“Celulite é estrutural e não se trata com truque caseiro”, afirma a dermatologista Denise Ozores
O cuidado com a pele do bumbum deixou de ser assunto restrito ao verão e passou a integrar a rotina de beleza de quem busca melhorar textura, manchas e celulite. Com o aumento do interesse, cresceram também as promessas rápidas. Pomada para assadura, pasta de dente, vinagre de maçã e esfoliações agressivas aparecem como soluções improvisadas que prometem resultados imediatos. O problema é que esses atalhos ignoram a fisiologia da pele.
Espinhas na região glútea, manchas escuras e celulite são frequentemente colocadas no mesmo pacote, como se fossem variações de um único problema. Não são. A chamada acne no bumbum costuma ser foliculite, uma inflamação do folículo piloso associada a atrito, suor e obstrução. Já as manchas geralmente são consequência da própria inflamação. A celulite, por sua vez, envolve alteração estrutural das fibras de colágeno e traves que tracionam a pele.
É nesse ponto que entra a dermatologista Dra. Denise Ozores, CRM SP 101677, RQE 7349, especialista em tratamentos corporais. Segundo ela, tratar tudo como se fosse apenas ressecamento é o erro mais comum. “Espinha, mancha e celulite têm causas diferentes. Quando a paciente não diferencia isso, o tratamento não evolui”, explica.
Para casos de foliculite, ativos como ácido salicílico e peróxido de benzoíla ajudam a controlar a inflamação e a desobstrução dos poros. Esfoliações químicas leves também contribuem para renovação celular sem irritação excessiva. No caso das manchas, ativos despigmentantes precisam ser usados com constância. “Não existe clareamento em poucos dias. Renovação de pele exige tempo e disciplina”, afirma.
A maior frustração costuma estar ligada à celulite. Cremes melhoram a qualidade superficial da pele, mas não desfazem fibroses profundas. “Celulite é estrutural. Não se trata com truque caseiro. Quando a alteração está abaixo da superfície, o tratamento precisa atingir essa camada”, diz Denise.
É nesse contexto que entram técnicas médicas como a GoldIncision, procedimento minimamente invasivo que atua diretamente nas fibroses internas da celulite e estimula colágeno na região. Segundo a dermatologista, o procedimento é indicado quando há depressões mais evidentes e alteração estrutural consolidada.

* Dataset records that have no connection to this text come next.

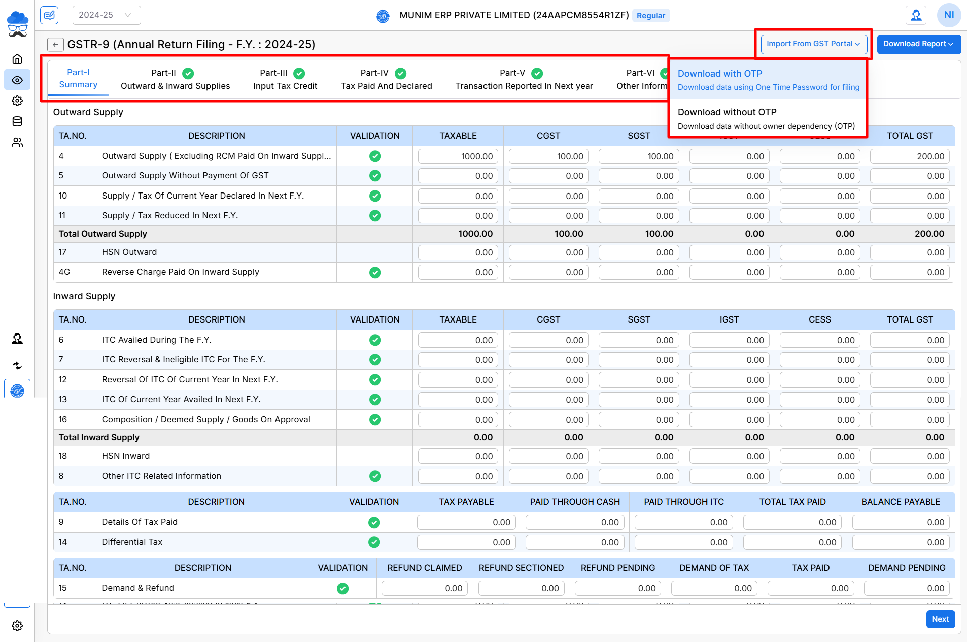 GSTR-9 is the annual return for GST-registered businesses, summarizing outward and inward supplies, input tax credit (ITC), and taxes paid during the financial year. The following steps guide you through the filing process in Munim.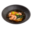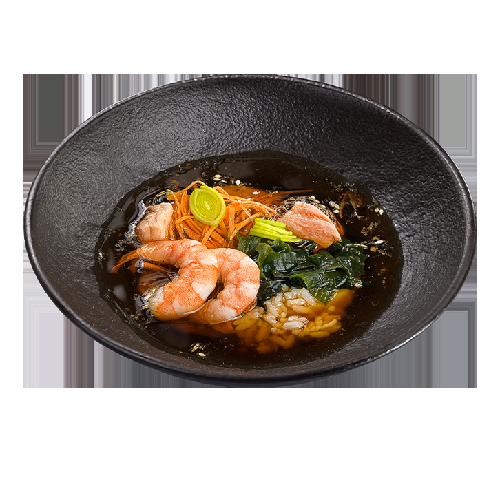 Наваристый рыбный бульон с тигровыми креветками, свежим лососем, луком-пореем, морковью, рисом и водорослями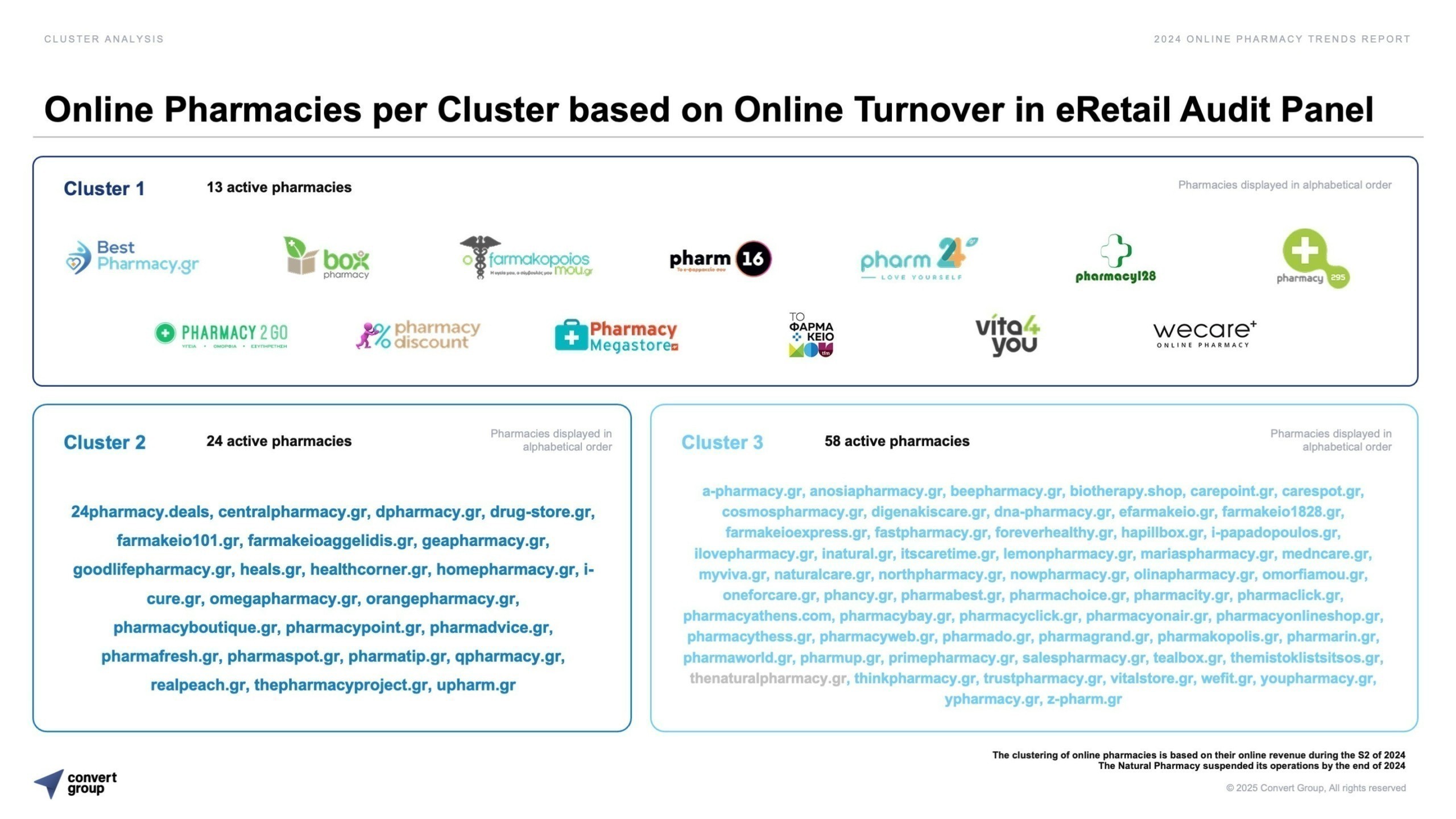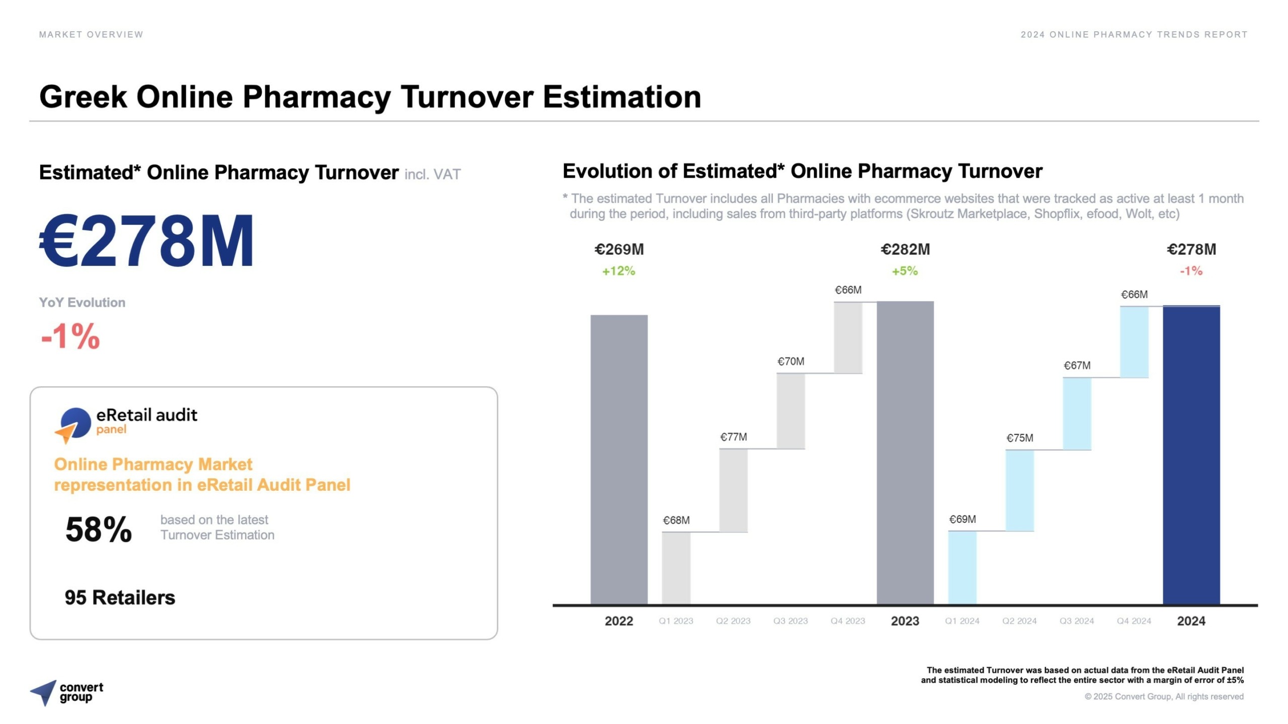 Τα συγκεκριμένα στοιχεία της ετήσιας έρευνας της Convert Group αντλούνται από δείγμα 95 online φαρμακείων, με την συμμετοχή 13 από τους 14 μεγαλύτερους παίκτες της αγοράς αλλά και των στοιχείων του skroutz, με συνολική αντιπροσώπευση αγοράς στο 90%.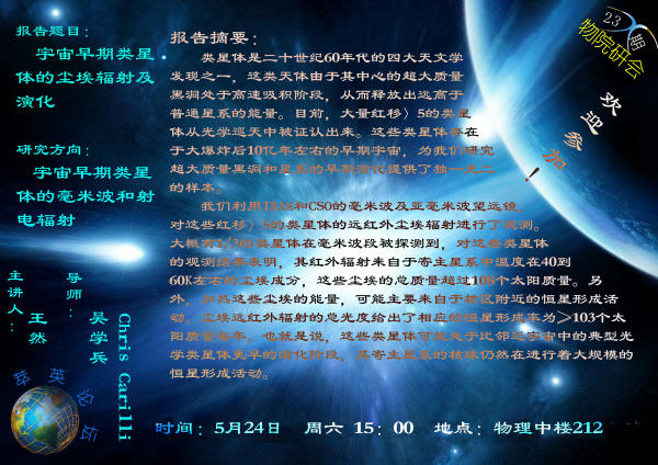 主 讲 人:王然(天体物理直博四年级)报告题目:宇宙早期类星体的尘埃辐射及演化沙龙时间:2008年5月24日(周六)下午3:00-5:00沙龙地点:物理大楼中212报告摘要:类星体是二十世纪60年代的四大天文学发现之一,这类天体由于其中心的超大质量黑洞处于高速吸积阶段,从而释放出远高于普通星系的能量。目前,大量红移>5的类星体从光学巡天中被证认出来。这些类星体存在于大爆炸后10亿年左右的早期宇宙,为我们研究超大质量黑洞和星系的早期演化提供了独一无二的样本。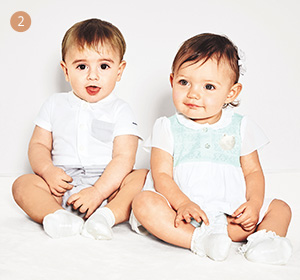 首先请选择一件贴身内衣,或者可以选择不必担心肚子着凉的连体包屁服。面料可以选择清爽的平纹针织棉或者透气性好的网眼状的纯棉材质。正因为夏季出汗量大,尽量要给宝宝穿上贴身内衣,起到吸汗作用。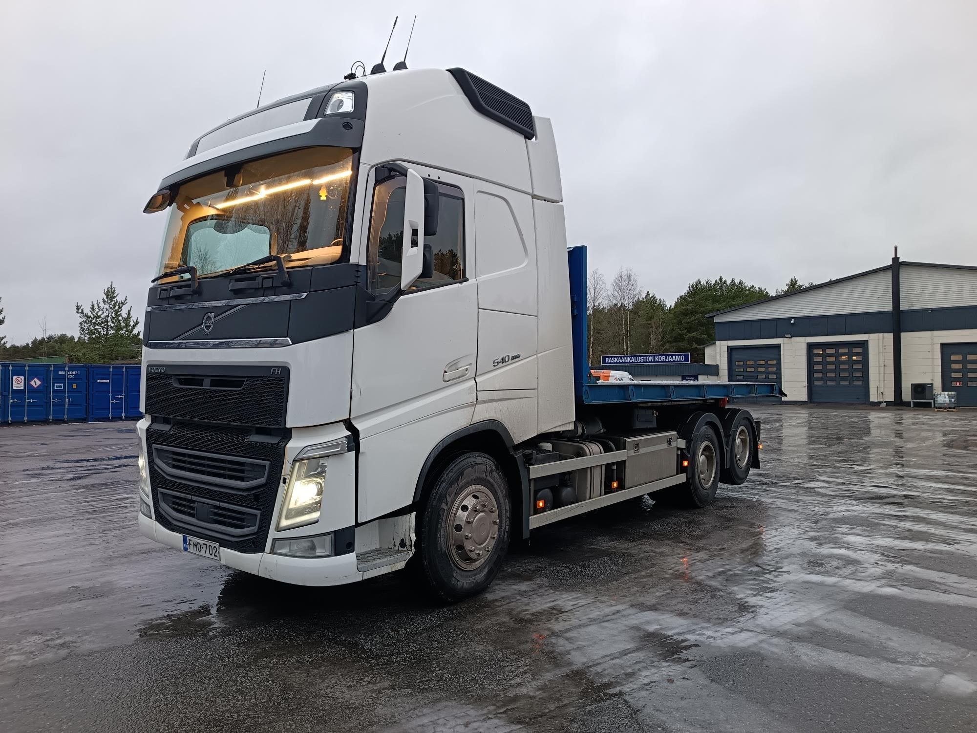 Käytetty koukullinen rahtilava HIAB:lla.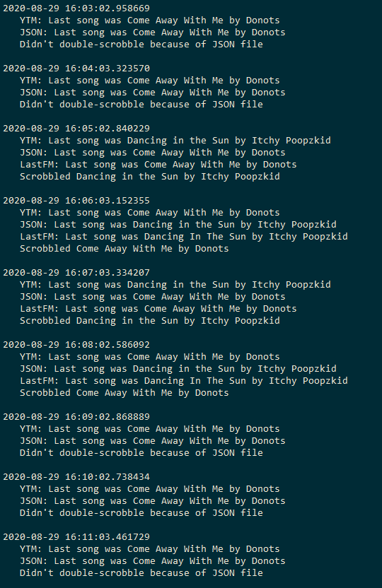 Well kind of. It's hard to tell because if you're not listening and actively looking at LastFM you can't really tell if there's a break. There's another problem: Sometimes my script logs songs which were listened to a day before aka the history returned is missing the first X entries. I'll look into it further after my exams.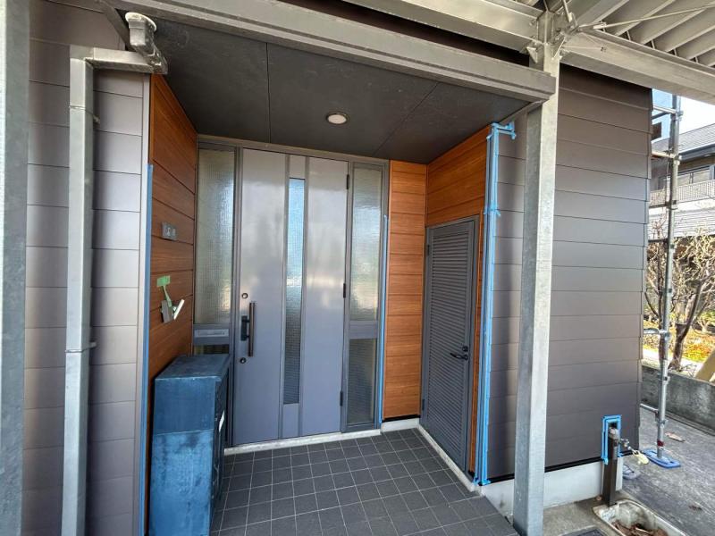 木目柄の鮮やかな茶色がとても良いアクセントになり、素敵な外観に!

Isso não significa que o skincare corporal seja irrelevante. Esfoliação controlada, hidratação consistente e uso de ativos corretos ajudam a manter textura uniforme e prevenir inflamações. O limite está na expectativa. “Skincare funciona quando tem objetivo claro. O que não funciona é acreditar que um único produto resolve tudo”, conclui.
Denise Ozores (CRM-SP 101677 | RQE 7349) - dermatologista é especialista em beleza natural e atua com foco na prevenção do envelhecimento cutâneo, priorizando equilíbrio, saúde da pele e respeito à individualidade. Em seus atendimentos e conteúdos nas redes sociais, a médica defende uma abordagem consciente da estética, com resultados sutis e alinhados ao estilo de vida contemporâneo. No Instagram, compartilha orientações sobre cuidados dermatológicos e os impactos do ambiente urbano e digital na pele pelo perfil @deniseozoresdermato.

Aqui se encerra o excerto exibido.